Data provided:
===

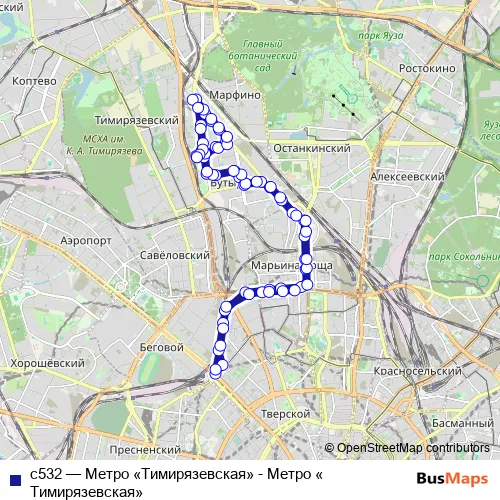 Bus с532 - Метро «Тимирязевская» - Метро «Тимирязевская» Schedule in Moscow
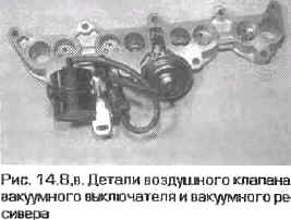 Косвенными признаками двигателей 7A-FE и 4A-FE, работающих на обедненной смеси являются наличие управления воздушным клапаном впускного коллектора вакуумным выключателем, расположенным в задней части двигателя или под впускным коллектором (см. рис.13.106. и 14.8.в), отсутствие датчика детонации.
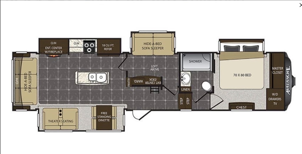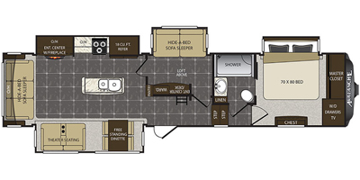This Keystone has a over all length of 39.83 Feet and Comes Equipped with 4 Slide Outs, 1 Auto Awning, 2 AC Units, and Plenty of Room to Sleep 8.
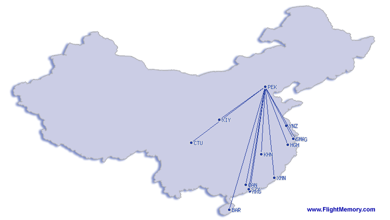 Korteste flygning: 806 km, 1:25 h, Beijing (Capital) - Yancheng (Nanyang), 30.11.2025
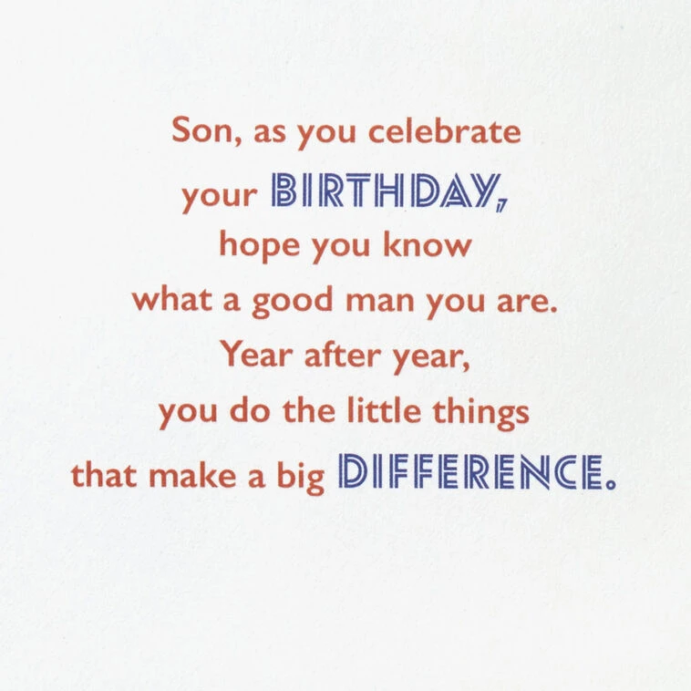 Son, as you celebrate your birthday, hope you know what a good man you are. Year after year, you do the little things that make a big difference. The kindness you show, the hard work you put in, the time you spend caring for others… all of that adds up to so much, and the world is a lot better thanks to good men like you.
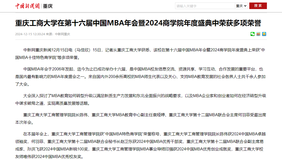 近日,中国新闻网以《beat365英国官网网站在第十六届中国MBA年会暨2024商学院年度盛典中荣获多项荣誉》为题,报道beat365在由大连理工大学主办的“智驭新质 商启未来 共襄振兴”——第十六届中国MBA年会暨2024商学院年度盛典中荣获多项荣誉。
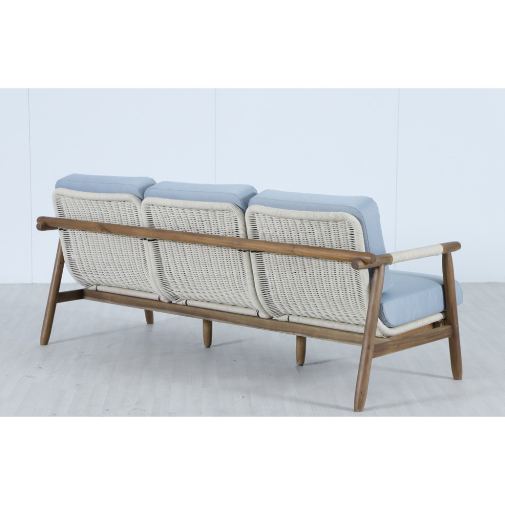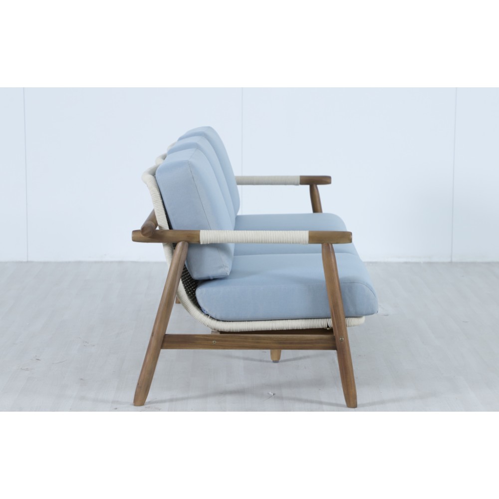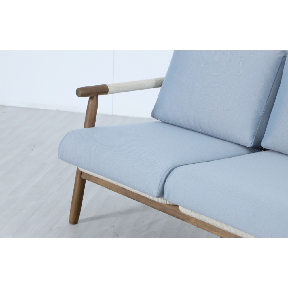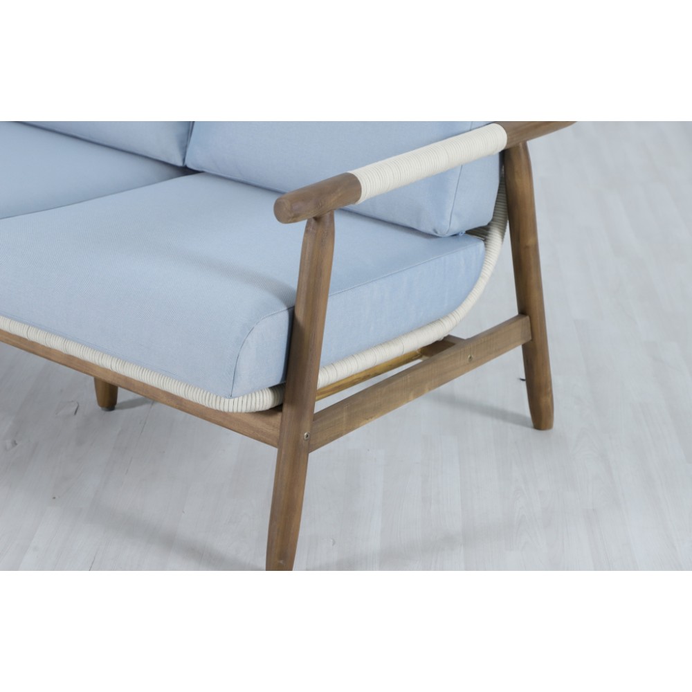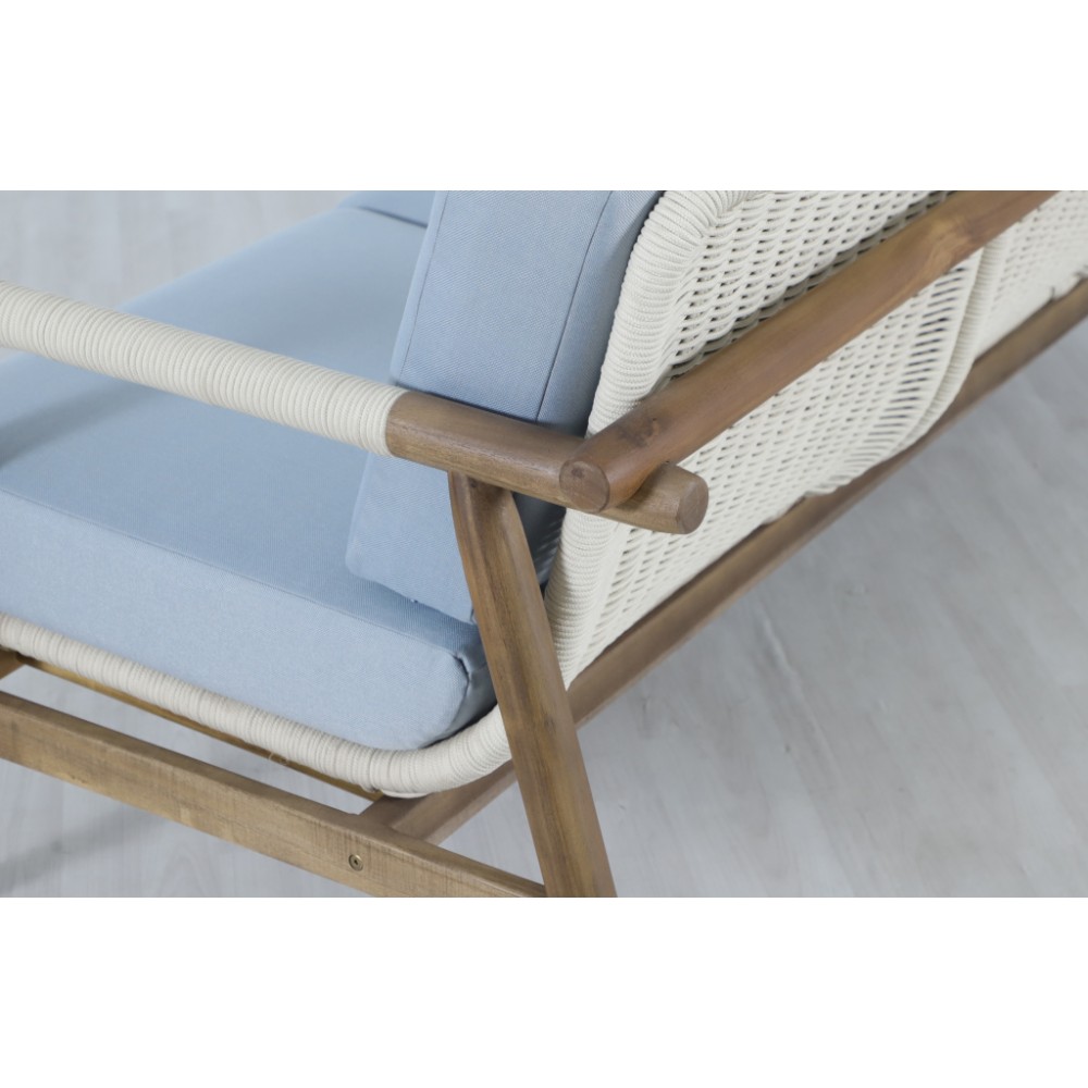 Apoyo - это стильная коллекция уличной мебели из массива АКАЦИИ, в которой сочетаются натуральное верёвочное (роуп) плетение, тёплая текстура дерева и комфортные подушки. Превосходноерешение для террасы или веранды, подходящее для тех, кто ценит долговечность и эстетический вид уличной мебели Особенности: Материал - АКАЦИЯ, отделка экомаслом грецкий орех(TPW #4). Веревочное плетение роуп VPR - PR388на спинке,сиденье и подлокотниках излучает стиль в сочетании с деревянными поверхностями. Древесина, из которой изготовлена мебель, имеет сертификацию FSC (Forest Stewardship Council) - гарантия качества и происхождения древесины. Знак FSC - показатель того, что продукция происходит из леса, в котором ведется экологически и социально ответственное лесное хозяйство. Благодаря своей долговечности, прочности и устойчивости к вредителям эта древесина была создана для изготовления садовой мебели. Страна происхождения древесины: Вьетнам, Малайзия. Средняя плотность древесины: 550 кг/м³. Коррозионно-стойкая, анодированная фурнитура из нержавеющей стали. Подушки в комплекте, ткань подушек - олефин, наполнитель - толстый поролон. Материалы устойчивы к УФ-излучению и другим погодным воздействиям. Цвет подушек - голубой W1887-980.

===

Down to the last line, return the entries above exactly, with no pictures.

Worked solution:
 Bus с532 - Метро «Тимирязевская» - Метро «Тимирязевская» Schedule in Moscow
 Косвенными признаками двигателей 7A-FE и 4A-FE, работающих на обедненной смеси являются наличие управления воздушным клапаном впускного коллектора вакуумным выключателем, расположенным в задней части двигателя или под впускным коллектором (см. рис.13.106. и 14.8.в), отсутствие датчика детонации.
This Keystone has a over all length of 39.83 Feet and Comes Equipped with 4 Slide Outs, 1 Auto Awning, 2 AC Units, and Plenty of Room to Sleep 8.
 Korteste flygning: 806 km, 1:25 h, Beijing (Capital) - Yancheng (Nanyang), 30.11.2025
 Son, as you celebrate your birthday, hope you know what a good man you are. Year after year, you do the little things that make a big difference. The kindness you show, the hard work you put in, the time you spend caring for others… all of that adds up to so much, and the world is a lot better thanks to good men like you.
 近日,中国新闻网以《beat365英国官网网站在第十六届中国MBA年会暨2024商学院年度盛典中荣获多项荣誉》为题,报道beat365在由大连理工大学主办的“智驭新质 商启未来 共襄振兴”——第十六届中国MBA年会暨2024商学院年度盛典中荣获多项荣誉。
 Apoyo - это стильная коллекция уличной мебели из массива АКАЦИИ, в которой сочетаются натуральное верёвочное (роуп) плетение, тёплая текстура дерева и комфортные подушки. Превосходноерешение для террасы или веранды, подходящее для тех, кто ценит долговечность и эстетический вид уличной мебели Особенности: Материал - АКАЦИЯ, отделка экомаслом грецкий орех(TPW #4). Веревочное плетение роуп VPR - PR388на спинке,сиденье и подлокотниках излучает стиль в сочетании с деревянными поверхностями. Древесина, из которой изготовлена мебель, имеет сертификацию FSC (Forest Stewardship Council) - гарантия качества и происхождения древесины. Знак FSC - показатель того, что продукция происходит из леса, в котором ведется экологически и социально ответственное лесное хозяйство. Благодаря своей долговечности, прочности и устойчивости к вредителям эта древесина была создана для изготовления садовой мебели. Страна происхождения древесины: Вьетнам, Малайзия. Средняя плотность древесины: 550 кг/м³. Коррозионно-стойкая, анодированная фурнитура из нержавеющей стали. Подушки в комплекте, ткань подушек - олефин, наполнитель - толстый поролон. Материалы устойчивы к УФ-излучению и другим погодным воздействиям. Цвет подушек - голубой W1887-980.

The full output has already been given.